Burevestnik como moeda de troca

A manifestação coincide com uma negociação diplomática fracassada: Trump passou de anunciar uma cúpula em Budapeste a cancelá-la por "perda de tempo ". Ao mesmo tempo, os Estados Unidos impuseram sanções às duas maiores empresas petrolíferas russas e autorizaram a Ucrânia a lançar ataques profundos contra a infraestrutura energética russa, um ponto ao qual Putin respondeu que qualquer ataque profundo seria recebido com retaliações "muito sérias, senão avassaladoras". 

A campanha midiática do Burevestnik serve como um lembrete de que a Rússia mantém a cartada da escalada nuclear, enquanto a outra cartada (energética) está sendo corroída por sanções primárias e secundárias. Os números ilustram o que está em jogo: se a Índia ou a China limitassem as importações de petróleo bruto russo devido às sanções, o Kremlin poderia perder entre US$ 1,6 bilhão e US$ 7,4 bilhões por mês em receita, uma alavanca que torna ainda mais valiosa a ameaça de um sistema que não depende de corredores marítimos ou cadeias logísticas. 

Sinal nuclear

E enquanto a Rússia exibe um teste nuclear, a Ucrânia demonstra proezas convencionais com enxames de drones que forçaram o fechamento de aeroportos de Moscou e sobrecarregaram as defesas.
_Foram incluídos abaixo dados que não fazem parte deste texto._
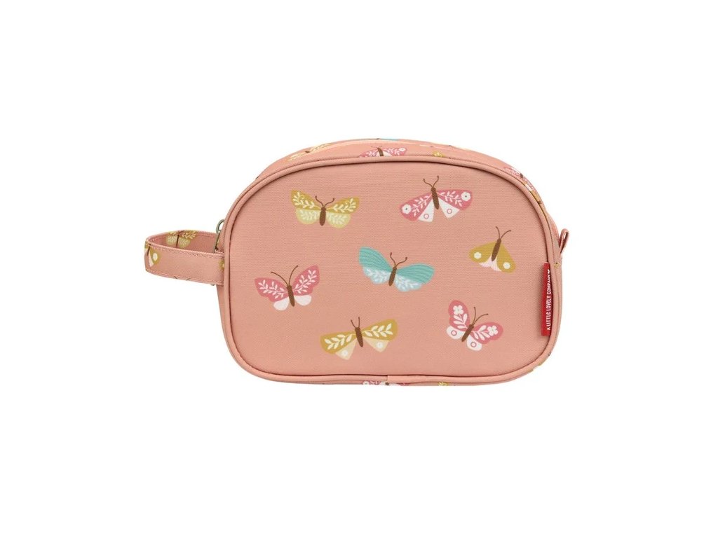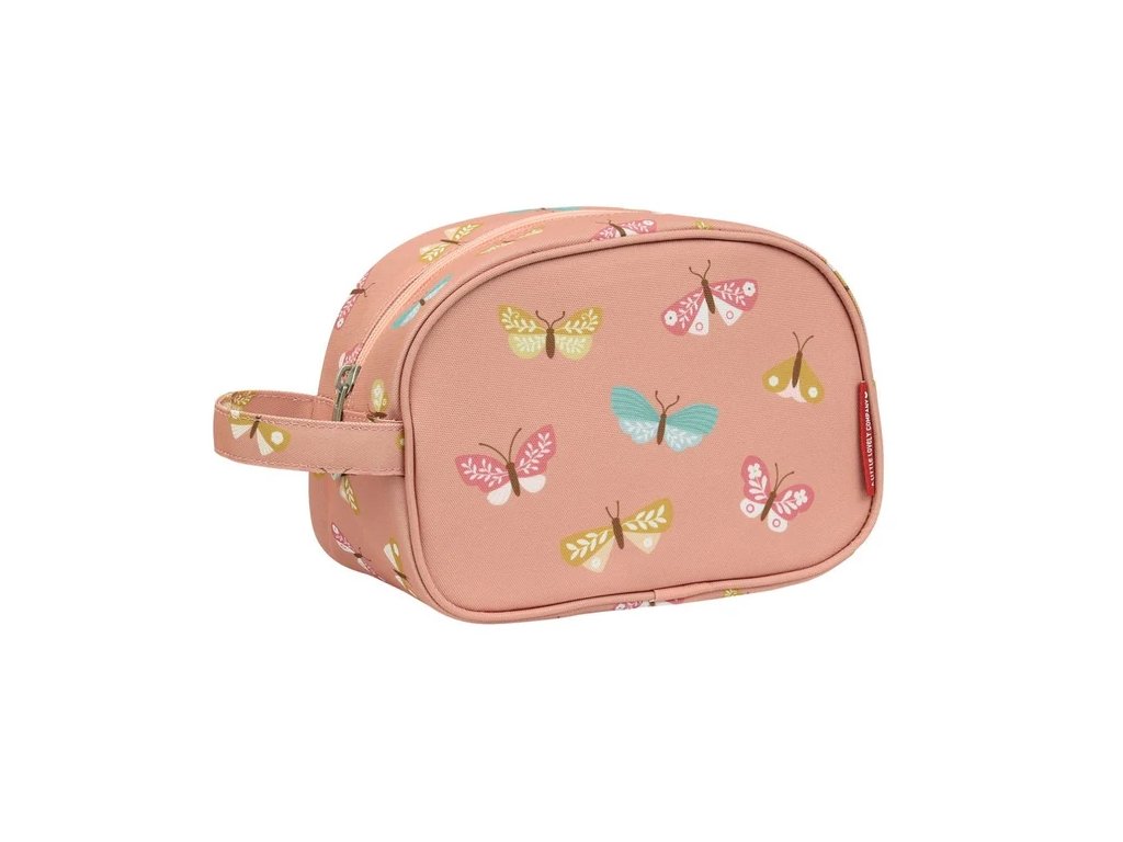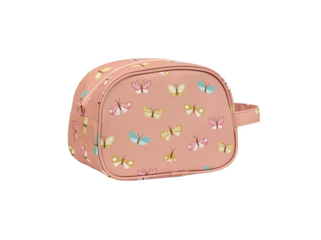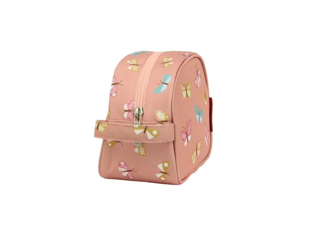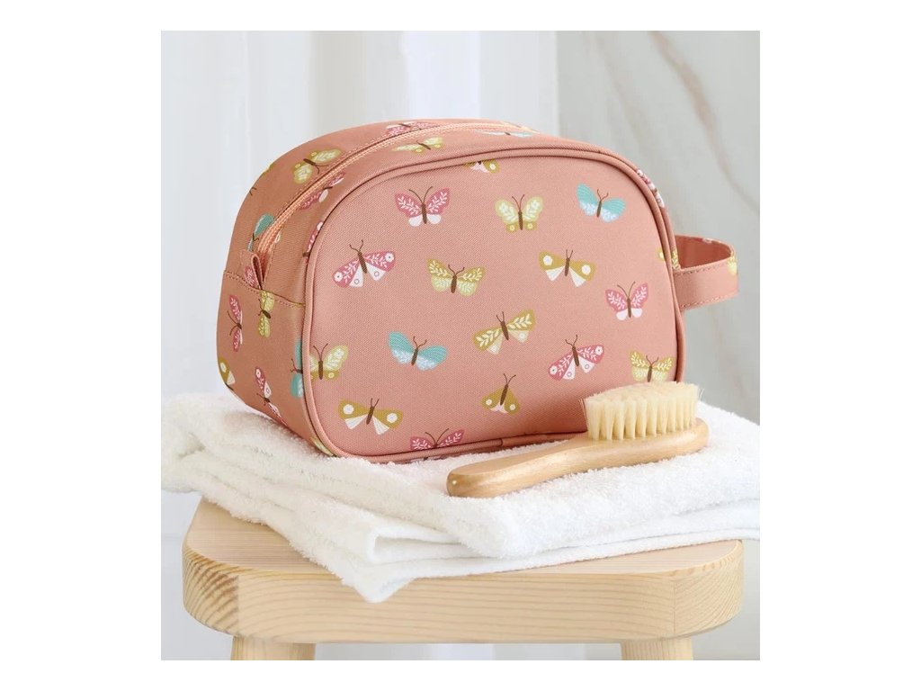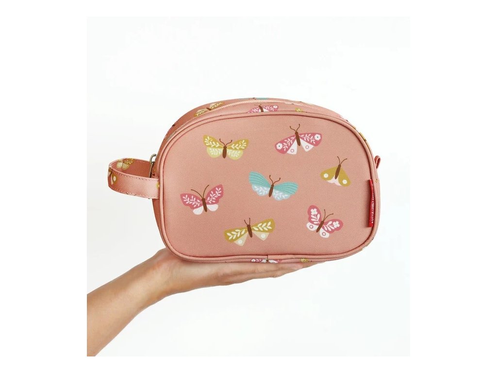 Această geantă spațioasă de toaletă roz cu fluturi este ideală pentru vacanțe sau petreceri în pijamale. Oferă mult spațiu pentru șampon, periuță de dinți, pastă de dinți și alte articole esențiale. O buclă practică o face ușor de transportat sau de agățat.

A Rússia admitiu ter abatido 28 drones em uma noite, mas raramente detalha os danos. 

A guerra na retaguarda agora é bidirecional: Moscou lança centenas de drones e mísseis contra Kiev, destruindo casas e forçando Zelensky a exigir mais Patriots, enquanto a Ucrânia prejudica a economia russa atacando refinarias. Apresentar o Burevestnik em meio a bombardeios convencionais e sanções energéticas transforma a dissuasão nuclear em uma camada adicional no jogo de custos: sua mera existência visa alterar os cálculos de persistência do Ocidente, em vez de oferecer utilidade tática imediata no campo de batalha.

Múltiplas mensagens

Para Trump (que chamou a Rússia de "tigre de papel" por não derrotar a Ucrânia rapidamente), o teste visa restabelecer a paridade simbólica : mesmo com um desempenho convencional medíocre, a Rússia serve como um lembrete de que mantém uma vantagem qualitativa declarada na frente nuclear . Para o Ocidente, a lição é que Moscou pode vincular as negociações de controle de armas a concessões no teatro de operações ucraniano. 

Dentro do regime, Putin se apresenta como um líder que fornece "armas incomparáveis", mesmo sob sanções. O fato de Dmitriev, o enviado especial, ter comunicado os detalhes do teste em Washington sugere que o míssil está sendo usado diretamente como um instrumento de sinalização diplomática, bem como uma resposta doutrinária.

Um teste físico

Por assim dizer, o teste Burevestnik surge como uma resposta integrada a três linhas simultâneas de pressão: sanções energéticas que pressionam as receitas fiscais, ataques ucranianos profundamente enraizados que minam a percepção de invulnerabilidade interna e a evaporação de um caminho curto para a negociação com Washington após o cancelamento de Budapeste. 

O timing deliberado, a coreografia com uniformes, o eco propagandístico da “arma inigualável” e o vazamento diplomático para os Estados Unidos indicam que o objetivo não era apenas provar a física, ou “não apenas”, mas também induzir uma crença: reinstalar nas mentes de adversários e aliados a possibilidade de um salto nuclear se o Ocidente persistir em prolongar o desgaste convencional contra a Rússia.